-- DATA BLOCK --
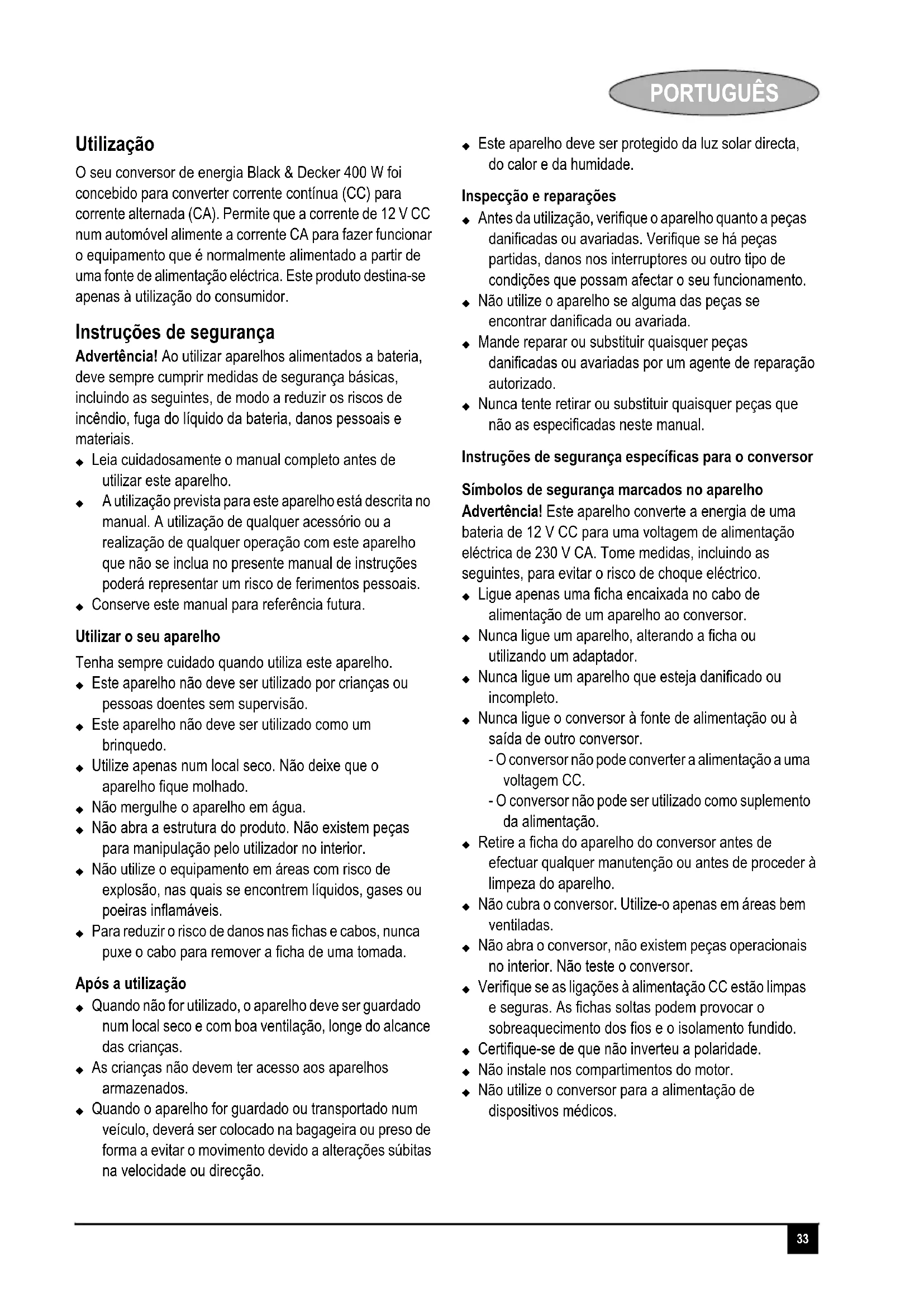 O seu conversor de energia Black & Decker 400 W foi concebido para converter corrente continua (CC) para corrente alternada (CA). Permitte que a corrente de 12V CC num automóvel alimente a corrente CA para fazer funcionalo equipamento que é normalmente alimentado a partir de uma fonte de alimentação eletrica. Este produit destina-se apenas à utilização do consumidor.
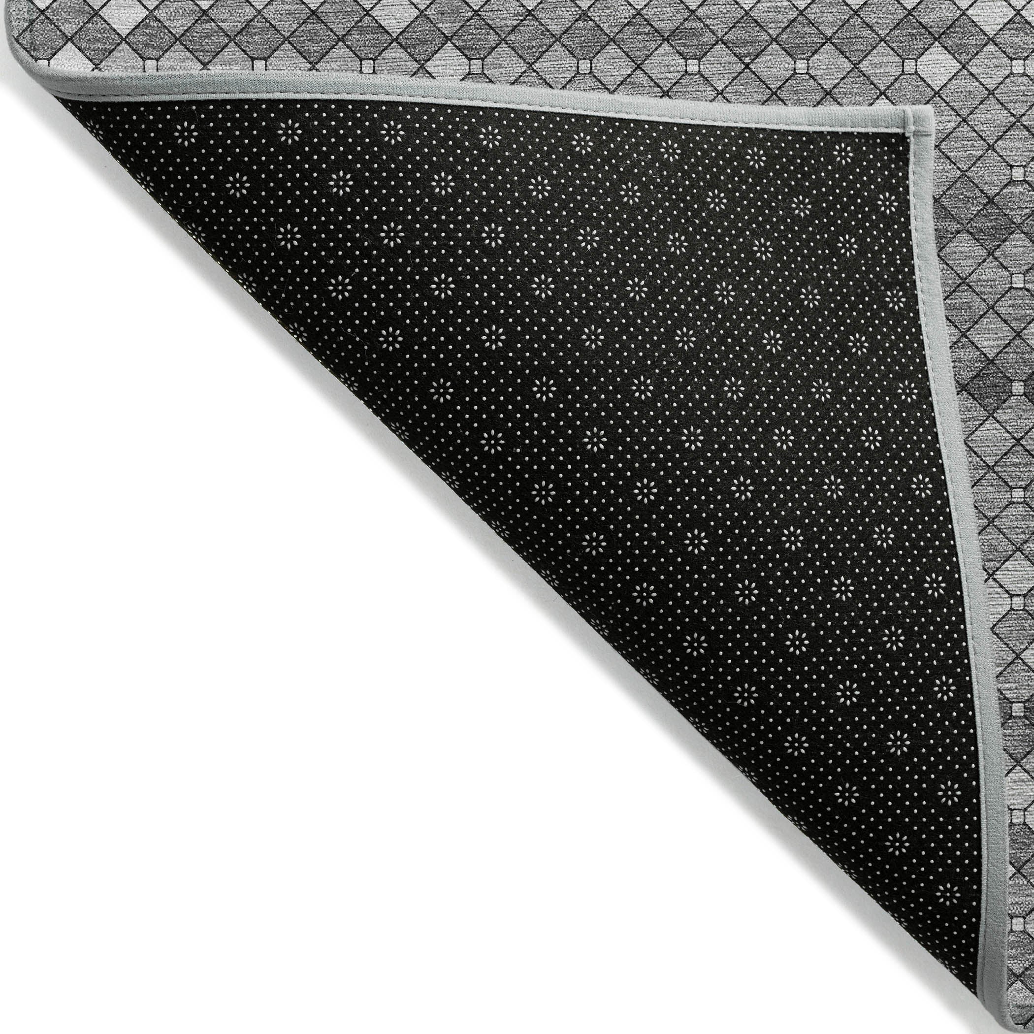 Elevate your decor with the chic lattice pattern with small diamond motifs in this transitional rug. The pattern adds a refined and modern touch to your space. UV stabilized for versatile use, it features an ultra-thin construction. This machine-washable rug is both family and pet-friendly, ensuring convenience and durability.
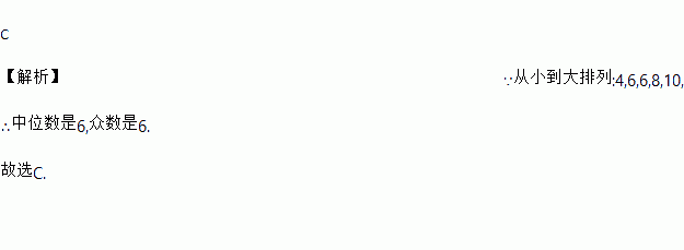 某校“环保小组”的5名同学在一次活动中捡废弃塑料袋的个数分别是:4,6,8,6,10,这组数据的中位数,众数分别为( )

-- TRY IT --
Please output exactly the lines of the data above, from its first line through the line with "Elevate your decor", and nothing else; drop the pictures.

-- ANSWER FOR THIS EXERCISE --
 O seu conversor de energia Black & Decker 400 W foi concebido para converter corrente continua (CC) para corrente alternada (CA). Permitte que a corrente de 12V CC num automóvel alimente a corrente CA para fazer funcionalo equipamento que é normalmente alimentado a partir de uma fonte de alimentação eletrica. Este produit destina-se apenas à utilização do consumidor.
 Elevate your decor with the chic lattice pattern with small diamond motifs in this transitional rug. The pattern adds a refined and modern touch to your space. UV stabilized for versatile use, it features an ultra-thin construction. This machine-washable rug is both family and pet-friendly, ensuring convenience and durability.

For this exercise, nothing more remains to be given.